A better line in manners
Speaking of Christine Burns (who participated in that cozy chat about terfs on Al Jazeera)…here’s a think-piece from 1996:
On a Saturday afternoon in a pleasant English University suburb I went along to find out the hard way. To argue, as both advocate and plaintiff, that transsexual women have more in common with the experience of their sisters than they blandly imagine.
Sorry for being bland, but I still get to think that we don’t have the experience of being a woman in common with men.
Under debate was the question of whether the group I was visiting should argue the case with their peers for other women like me to be admitted to their women-only space.
The air was thick with irony as I politely answered question after question. Corrected lie after lie. Defended my client’s very existence and justified their (and my) course in life.. as though I should be expected to succeed in communicating a personal experience that’s no easier to describe to the uninitiated than a panic attack or childbirth. … As though the court before me, drawing its’ authority from the shape of genitals they were born with, had the intellectual right to weigh up and judge the evidence which I’d spent much of my life studying and experiencing first hand. At stake, not just my client’s but my own self image and status as a woman in a club which I didn’t personally want to join. The charge, that my client (and by implication I) would make them feel uncomfortable.
It’s not a question of “drawing authority” from one’s genitals, it’s just a matter of definition. The disdain and hostility are noted however.
That majority would join with me in being horrified by the notion that, after being raped by a man, a woman like myself would be turned away from a politically correct Rape Crisis Centre. Told, in the ultimate act of cruelty, that she was a man. That she should seek counselling from a man. That she made her sisters feel uncomfortable. In a bizarre way rapists have a better line in manners. At least they treat their victims, without prejudice, as women.
Those last two sentences are currently being passed around on Twitter by some of those wicked heartless women who don’t think men can magically become women.
Typography International is bringing a suit against her in the International Criminal Court for abuse of italics.
Imagine rape victims having the nerve to be uncomfortable! They’re worse than rapists in many respects!
Is that where we’re at now?
Stonewall’s own briefing paper on LGBTQI+ in Qatar.
https://www.stonewall.org.uk/system/files/global_workplace_briefing_qatar_final.pdf
H/T @simonjedge on twitter.
My god, I think reading that sentence caused every irony meter within a mile of my house to explode… Yes, I fully believe that transwomen have a life experience that I, as a non-trans male, will never fully comprehend. But unlike this nattering nitwit, I also recognize that women have experiences I will never fully comprehend, and that it is almost dead certain that while there might be an overlap of Venn diagrams there, they are by no means congruous. Burns’ unwillingness to accept that women do have experiences that Burns never did, or will, is a manifestation of utter narcissism.
Yeah, hilarious that that does not seem to apply to trans people and their total lack of knowing what it is like to actually be the other sex.
You were not called upon to justify anyone’s existence. Nobody doubts that people who declare themselves to be the opposite sex exist.

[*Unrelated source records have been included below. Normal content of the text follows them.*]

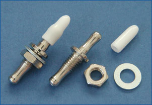 Vernickelter Messing-Nippel für Schläuche mit Innen-ø 2-3 mm. Komplett mit Verschlusskappe, Mutter M5 und U-Scheibe. VE 1 Stück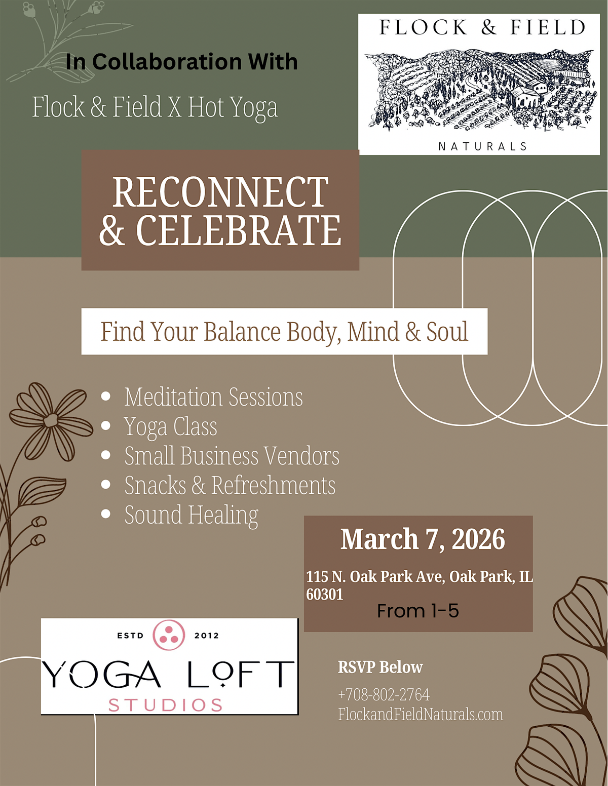 Join Flock & Field Naturals and Yoga Loft Studios for an uplifting wellness gathering designed to help you reset, recharge, and reconnect with your mind, body, and spirit.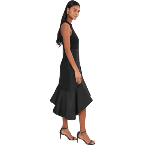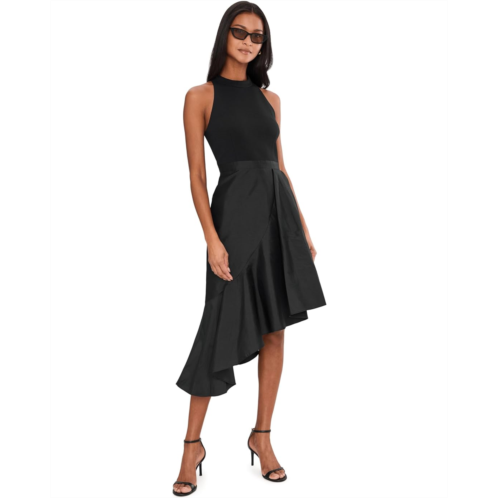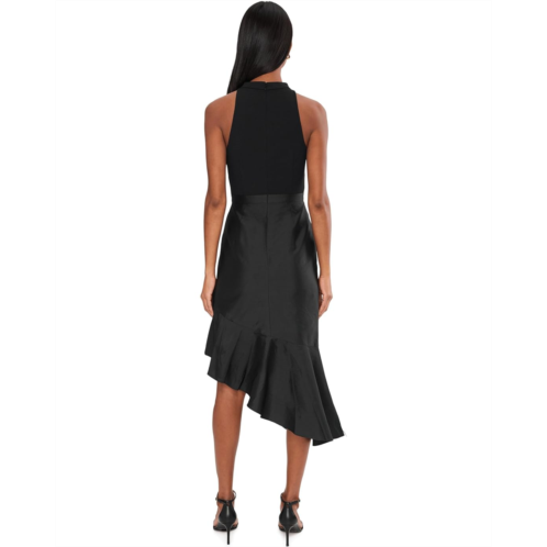 - This Adrianna Papell Crepe Combo Taffeta Dress features a halter top in matte crepe and an asymmetrical skirt in lustrous and crisp taffeta fabric. The knit bodice fabric and a zippered back closure create a fitted look through the hips with the straight-fit skirt flaring into a draped asymmetrical ruffle hem. It is cut in a blouson silhouette for a flattering look. Wear this sleeveless midi dress when you want a sleek and sophisticated monochrome look.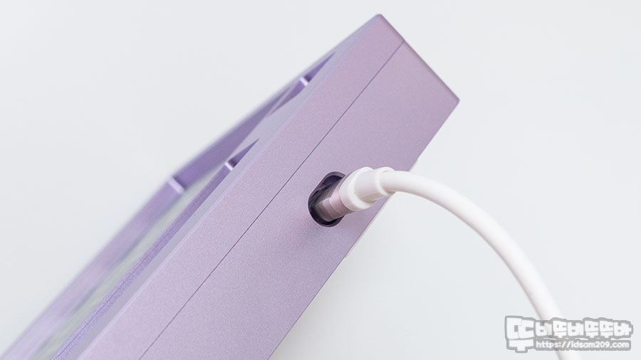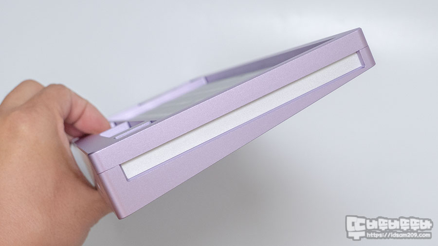 측면의 CNC로 가공된 하판의 측면을 가려주는 실버 컬러의 알루미늄 가이드가 눈에 띄는데 투톤 느낌으로 퍼플컬러와 구분이 되어 투톤느낌을 줍니다.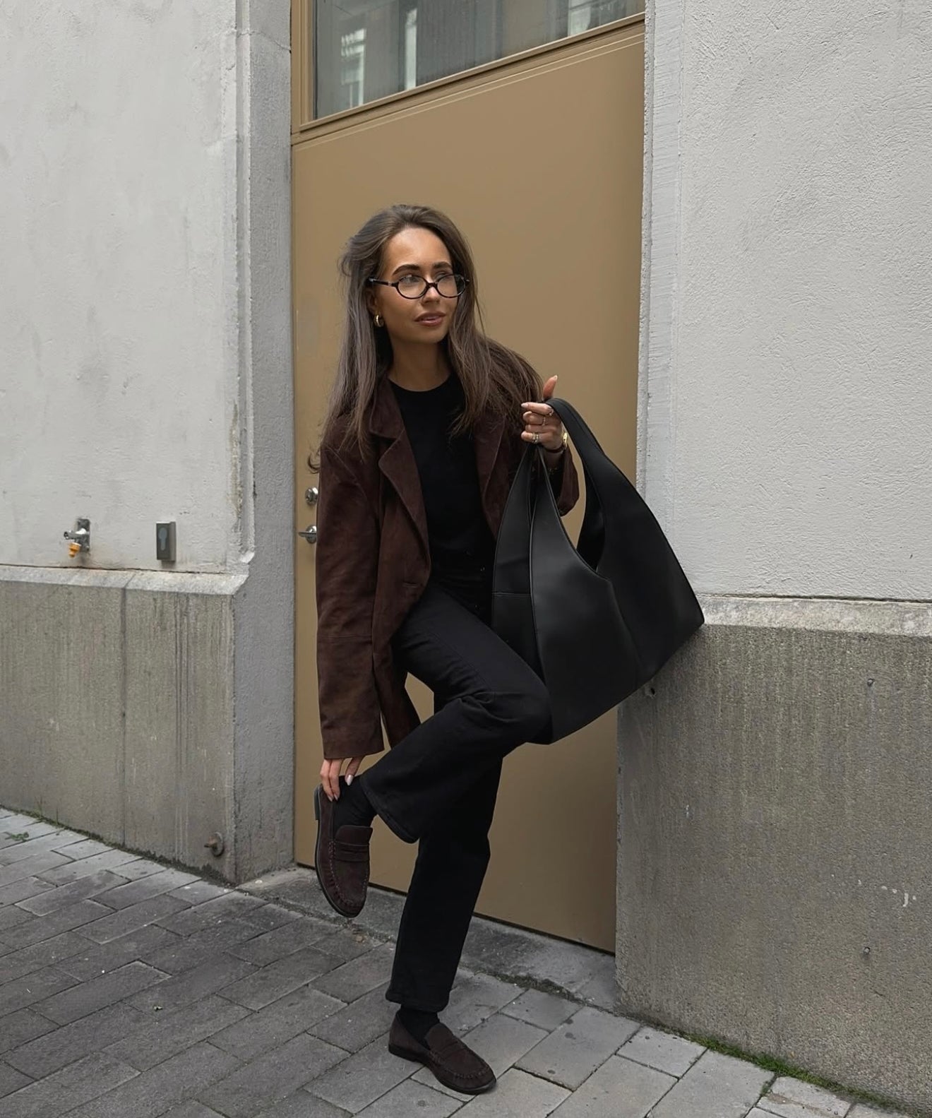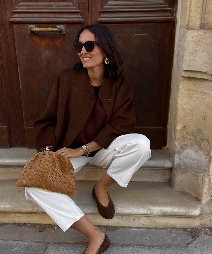 Lily is wearing Les Fleury flats in Chocolate Suede Leather

The issue is whether or not the claim is true; manifestly, it is not. Being a girl or woman is not a “club.” Nobody can volitionally “join” or repudiate membership. The sex of humans, like most other animals, is a brute fact that can be objectively observed and determined.
Your “course in life” is entirely up to you, but none of it changes your biological sex.
Panic attacks and childbirth are experiences that are capable of description. You should be able to describe your personal experiences in words. That you complain about being unable to communicate your personal experiences to others is on you. N.B., perhaps your difficulty is that clear communication will lay bare the defects in your claims and arguments.